BEGIN Records for this exercise
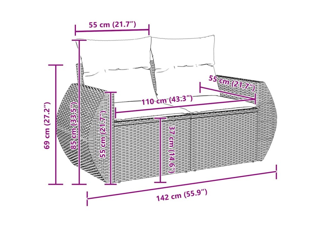 - Materiály: Sedačka má prémiovú kombináciu polyratanu a masívneho akáciového dreva, čo zaručuje štýl aj odolnosť. Polyratan odoláva poveternostným vplyvom, zatiaľ čo akácia dodáva nádych prírody.
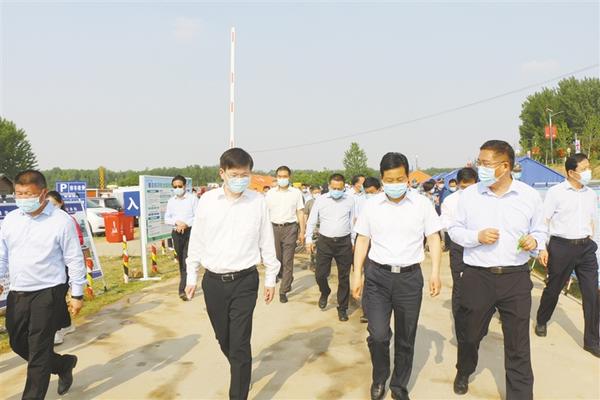 市委副书记、市长、市防汛抗旱指挥部指挥长吉建军,周口市委常委、常务副市长马剑平现场听取防汛工作汇报。
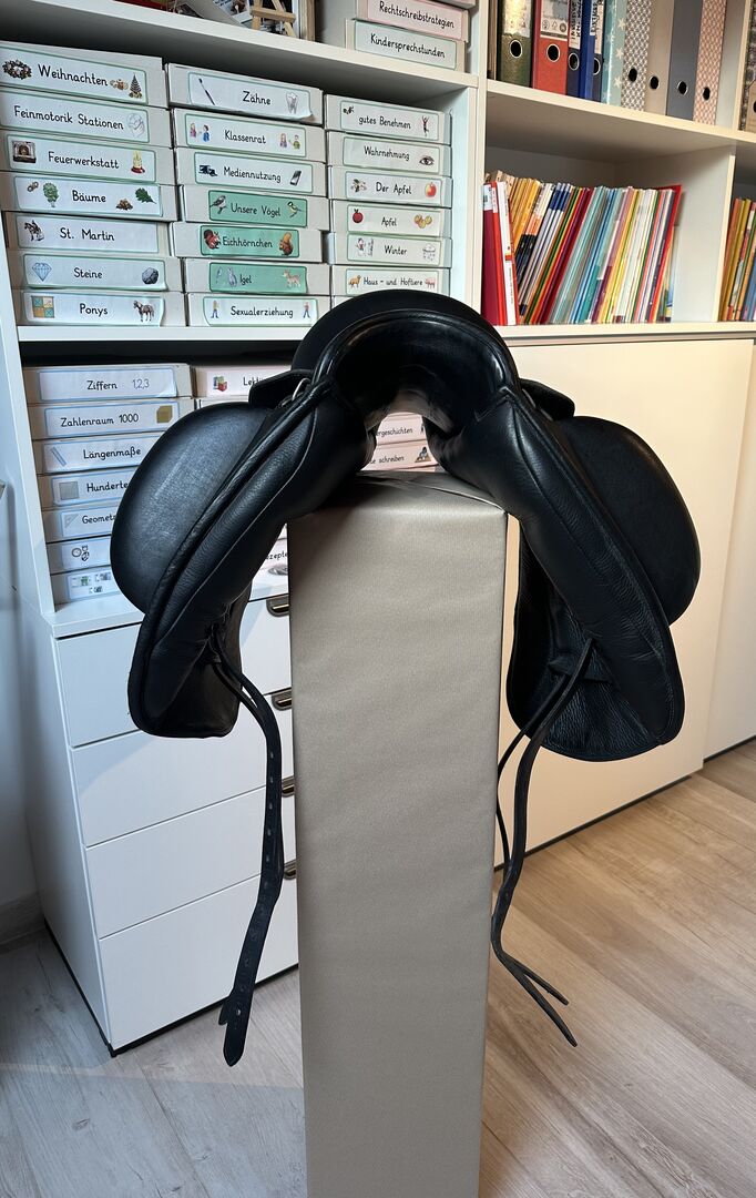 Niestandardowe siodło ujeżdżeniowe Icon Flight, 17,5 - Bardzo wygodne, przyjazne dla pleców (konia i jeźdźca!) siodło. Z powodu rezygnacji z jazdy konnej. Siodło było używane przez około 6 miesięcy i od tego czasu było suche i ciepłe.
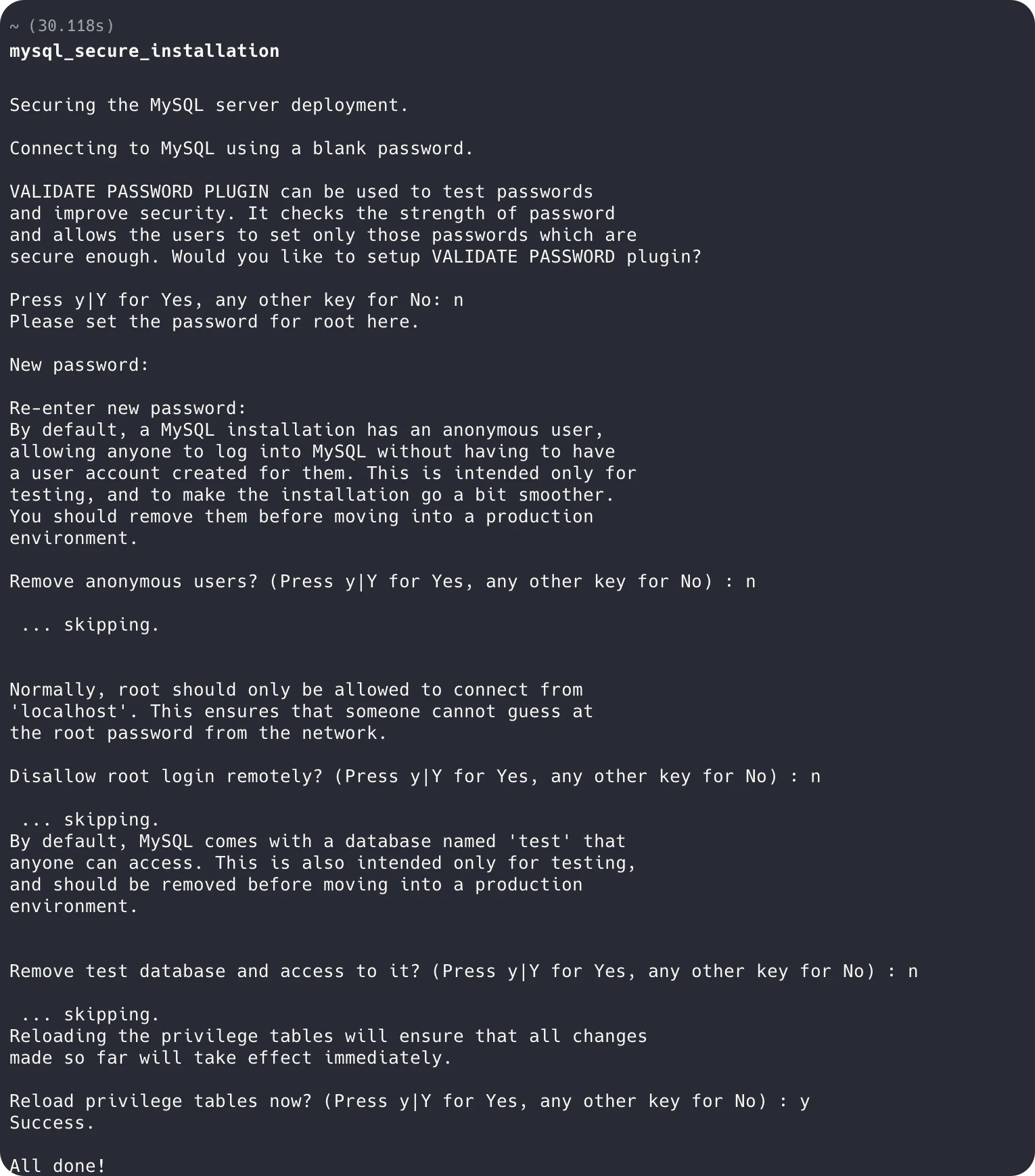 environment.Remove test database and access to it? (Press y|Y for Yes, any other key for No) : 这里问你要不要删除 test数据库,这是一个测试数据库,任何人都有权限访问它,一般无脑回车就可以了,不需要弄的那么麻烦,如果你需要输入Y
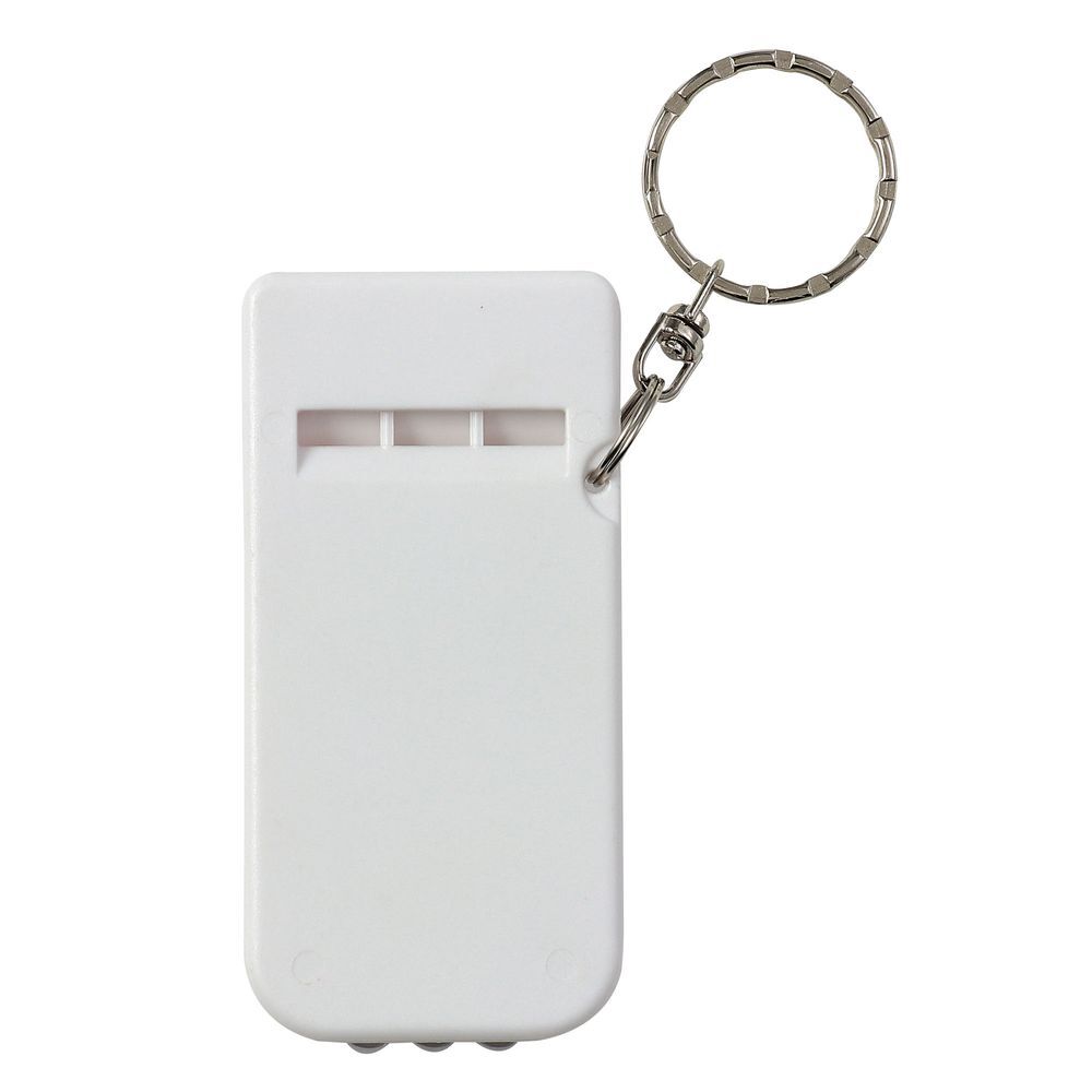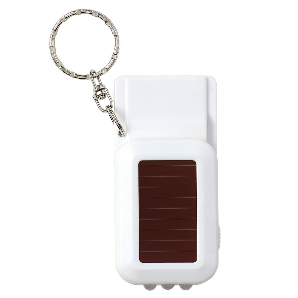 ソーラー電池で点灯するLEDライト付のホイッスルです。キーホルダーになっているので、バッグなどにつけることができます。最大点灯時間:1時間。
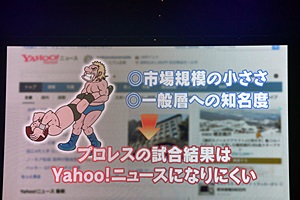 そもそもプロレスの結果は市場規模の小ささ、一般層への知名度の低さからYahoo!ニュースにはなりにくい(右写真)。
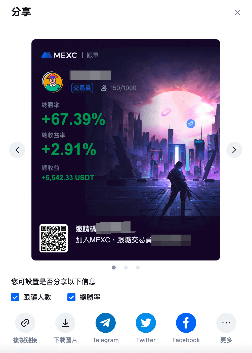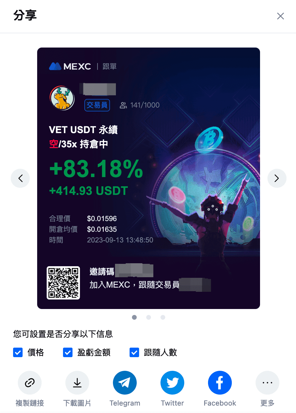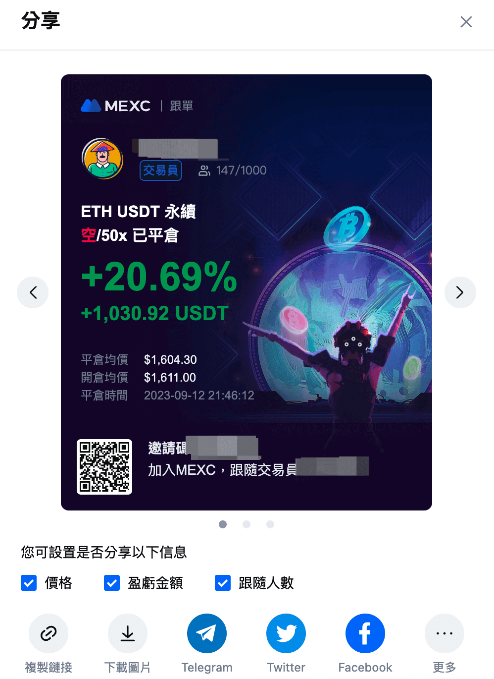 2. 分享帶單盈虧數據(交易員和跟隨者都可以分享此數據)
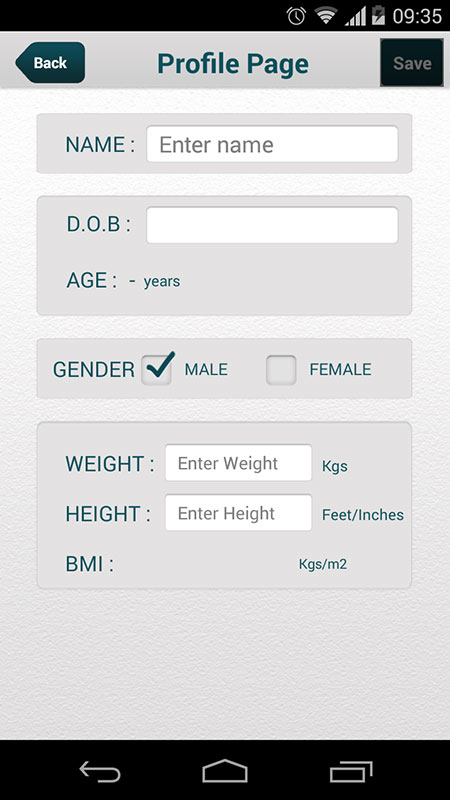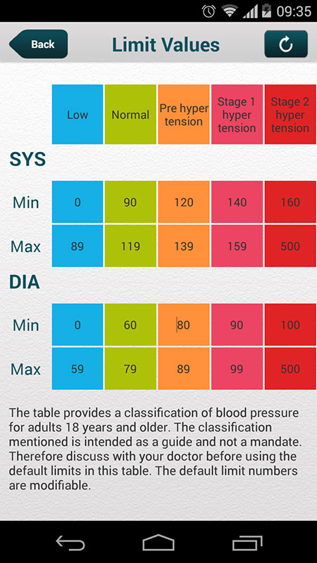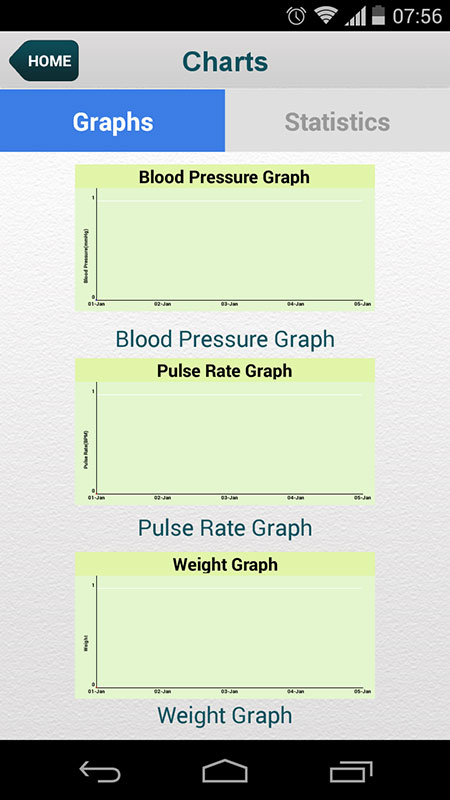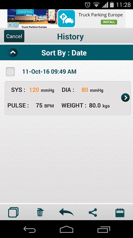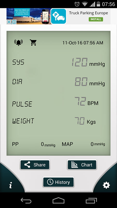 Upon opening the app, you see the blood pressure home page, made to resemble real BP device screen. Although simple, we found this as a nice touch. There are several options on this screen, which are straightforward. By default, it shows normal BP values for a reference, which are grayed-out. You can tap on each option and enter new values, for systolic and diastolic BP, heart rate and weight. Entering weight was required every time, instead of being optional, which would be more convenient.
END Records for this exercise
■ Your assignment
Reproduce, word for word, every line from the start of the records down to and including the line with "市委副书记、市长、市防汛抗旱"; skip the pictures.

■ Result of this task
 - Materiály: Sedačka má prémiovú kombináciu polyratanu a masívneho akáciového dreva, čo zaručuje štýl aj odolnosť. Polyratan odoláva poveternostným vplyvom, zatiaľ čo akácia dodáva nádych prírody.
 市委副书记、市长、市防汛抗旱指挥部指挥长吉建军,周口市委常委、常务副市长马剑平现场听取防汛工作汇报。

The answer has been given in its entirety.